As we saw in the immediate wake of the Dobbs decision, dormant zombie laws become enforceable once the Supreme Court reverses course on the relevant issue. This was the case with abortion laws in many states, including Arizona and Wisconsin, which faced public pressure to repeal their laws. However, importantly, abortion is not the only issue for which states have zombie laws on the books. For example, the right to contraception is an issue that is closely tied to abortion but is not synonymous and could find itself on the chopping block. In 1965, the Supreme Court ruled in Griswold v. Connecticut that banning contraception was unconstitutional. This decision rested on the foundations of a right to privacy, which would ultimately be solidified in Roe and then torn down in Dobbs. If Griswold were to be struck down, only 14 states and DC would have a guaranteed right to contraception, with 7 of these laws being passed immediately following the Dobbs decision. The other 36 states would be left to figure out where their state sits if this decision were to fall. Additionally, at the federal level, Congress attempted to pass federal protection for contraception in the post-Dobbs Right to Contraception Act. However, a number of senators blocked this initiative, so it never passed the Senate.

 

Another right that may be called into question with the loss of the constitutionally protected right to privacy, though in a slightly different vein, is the right to marry regardless of sex. In Obergefell v.

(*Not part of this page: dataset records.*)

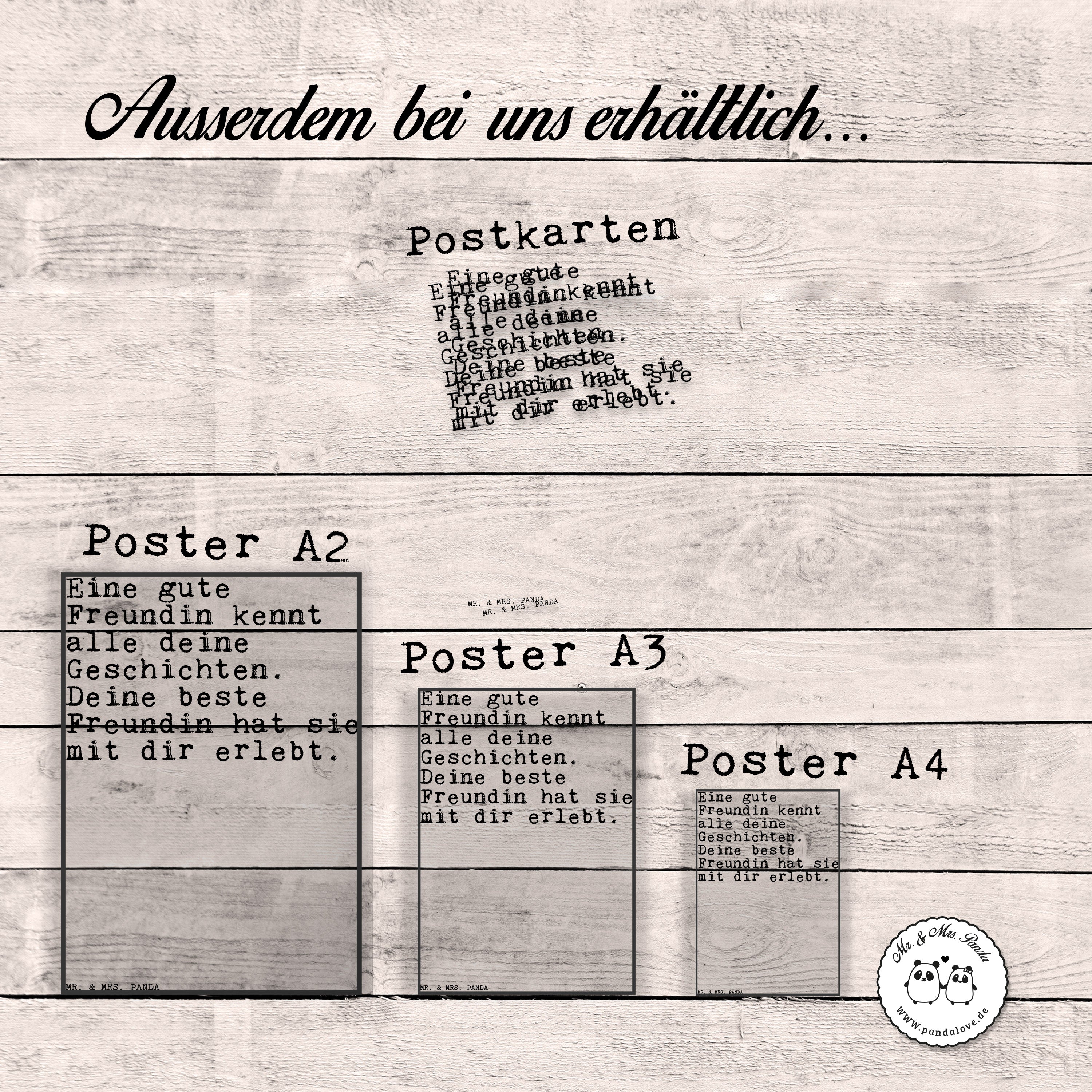 Poster Sprüche und Zitate Eine gute Freundin kennt alle deine Geschichten. Deine beste Freundin hat sie mit dir erlebt. Poster, Wandposter, Bild, Wanddeko, Küchenposter, Kinderposter, Wanddeko Bild, Raumdekoration, Wanddekoration, Handgemaltes Poster, Mr. & Mrs. Panda Poster, Designposter, Kunstdruck, Posterdruck, Spruch, Sprüche, lustig, Weisheiten, Zitate, Spruch Sprüche Weisheiten Zitate Lustig Weisheit Worte
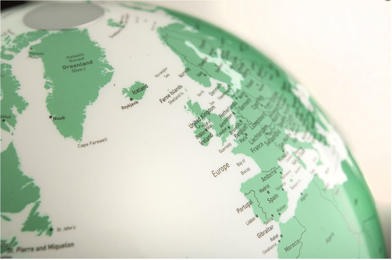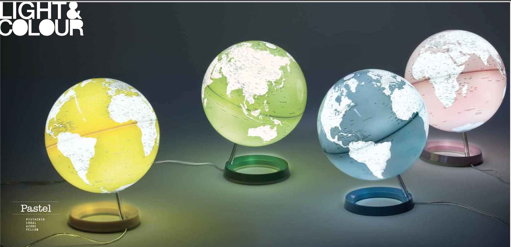 Light&Colour ist eine neue Produktline von Atmosphere, welche edles Design und außergewöhnliche Farben mit der kompakten Darstellung geografischer Informationen auf einem Globus verbindet.
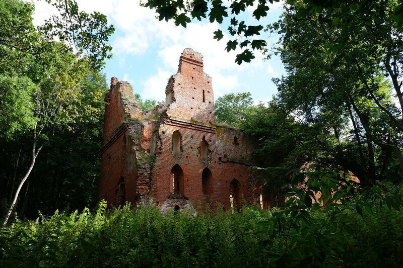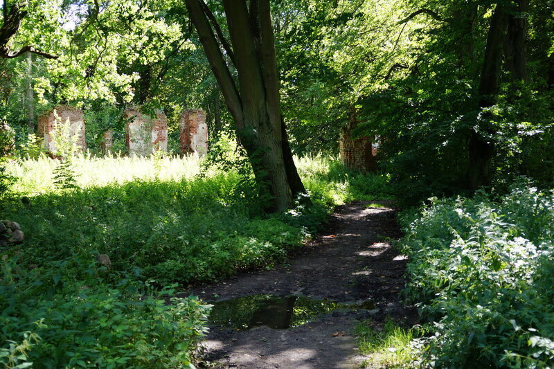 Сначала шли бои, а потом своё дело сделали копатели, коих я терпеть не могу, потому что они не зарывают после себя ямы. Идешь и думаешь, то ли воронка от снаряда, то ли след чёрного копателя. На фото все, что осталось от кирхи. Только представьте, что эта кирпичная кладка с 1250 года!

Hodges, the Supreme Court, ruling in line with the Constitution’s implicit right to privacy as held in Roe, ruled that same-sex couples have an equal right to marry as their opposite-sex counterparts. Despite this declaration of the constitutionality of same-sex marriage equality, or perhaps because of it, several states have neglected to strike prejudicial marriage laws from their books. If the Supreme Court were to strike down Obergefell, same-sex marriage would be illegal in 13 states, and sodomy would be criminalized in 12. In each of these states, the only thing protecting the rights of same-sex couples to marry is the rights codified in Obergefell. As it sits now, if the Supreme Court were to overturn Obergefell, these dormant laws would retake effect until repealed by their state legislatures. Complicating the matter further, in 2022, Congress passed the Respect for Marriage Act, which requires all states, regardless of whether they have legalized same-sex marriage, to recognize the marriage status of same-sex couples who were married in a state that legalizes it.

 

While these issues are the ones that have been most discussed, it is essential to recognize that with the Supreme Court trending ever more conservatively and with another Republican administration set to take over the executive branch, the issue of questionable zombie laws remaining on the books across the country is likely to become a more significant issue than it has been in the previous decades. While the average practitioner can’t challenge the dicta coming out of the Supreme Court, practitioners across the country must take stock of what zombie laws are on the books in their states and begin to think critically about what their states would look like should those zombie laws come back to life.